American patriotic music is a part of the culture and history of the United States since its founding in the 18th century and has served to encourage feelings of honor for the country's forefathers and for national unity. These songs include hymns, military themes, national songs, and music from stage and screen, as well as songs adapted from poems. Much of American patriotic music owes its origins to six main wars—the American Revolution, the American Indian Wars, the War of 1812, the Mexican–American War, the American Civil War, and the Spanish–American War. During the period prior to American independence, much of America's patriotic music was aligned with the political ambitions of the British in the new land and so several songs are tied with the country's British origin.

Colonial era
"The Liberty Song", written by Founding Father John Dickinson in 1768 to the music of William Boyce's "Heart of Oak", is perhaps the first patriotic song written in America. The song contains the line "by uniting we stand, by dividing we fall", which was an overture to the feelings of common blood and origin the Americans had whilst fighting the French and Indian War, and is also the first recorded use of the sentiment. Additionally, other songs gained prominence in keeping with British and American unity namely "The British Grenadiers," and "God Save the King". However, with the War of Independence the tunes of the last two were combined with new words while "Yankee Doodle", long a tune and lyric addressed to the unique American population descended from the British became widely popular. Political and cultural links between the colony and Great Britain can perhaps explain the ongoing popularity of the two former tunes, despite the war for independence.
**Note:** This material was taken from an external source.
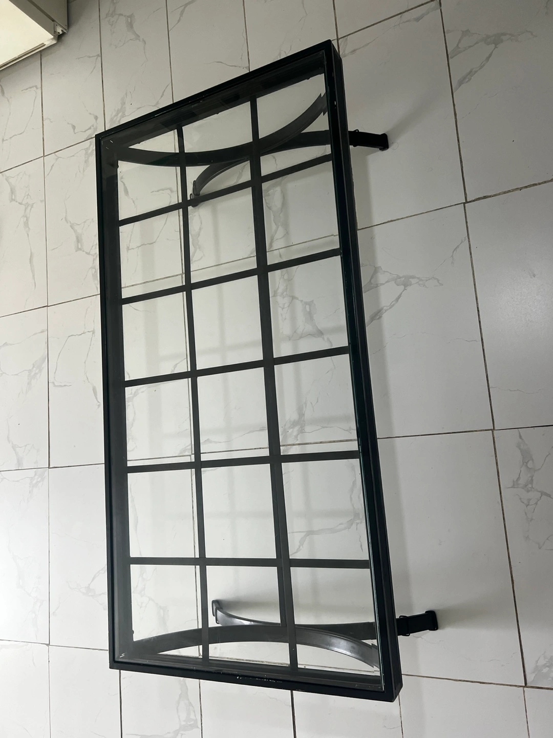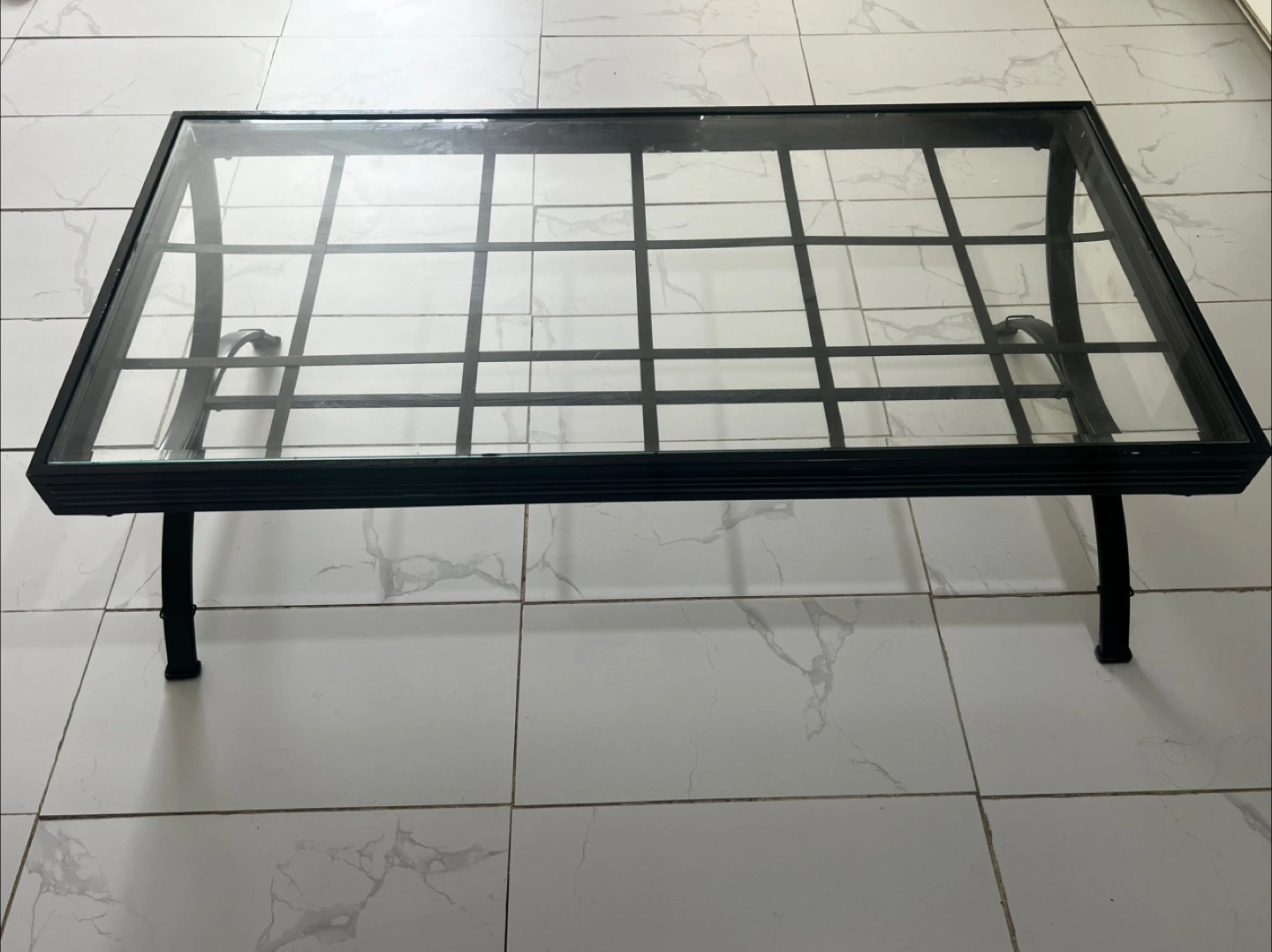 Rectangular coffee table featuring a glass top with a metal frame and legs. The glass has a grid pattern underneath for support. It's a stylish piece for your living room!

Hail Columbia was written for Washington's nomination and was the de facto national anthem until 1931. It is still the vice presidential anthem today.

Nineteenth century
In 1814, Washington lawyer Francis Scott Key wrote a poem, "Defence of Fort McHenry," after witnessing the bombardment of Fort McHenry in the Chesapeake Bay during the War of 1812. Once again, owing to the origin of America from British nationals, the lyrics were later set to music common to British and American sailors, but eventually became world-famous as "The Star-Spangled Banner," and was designated the United States' official national anthem in 1931.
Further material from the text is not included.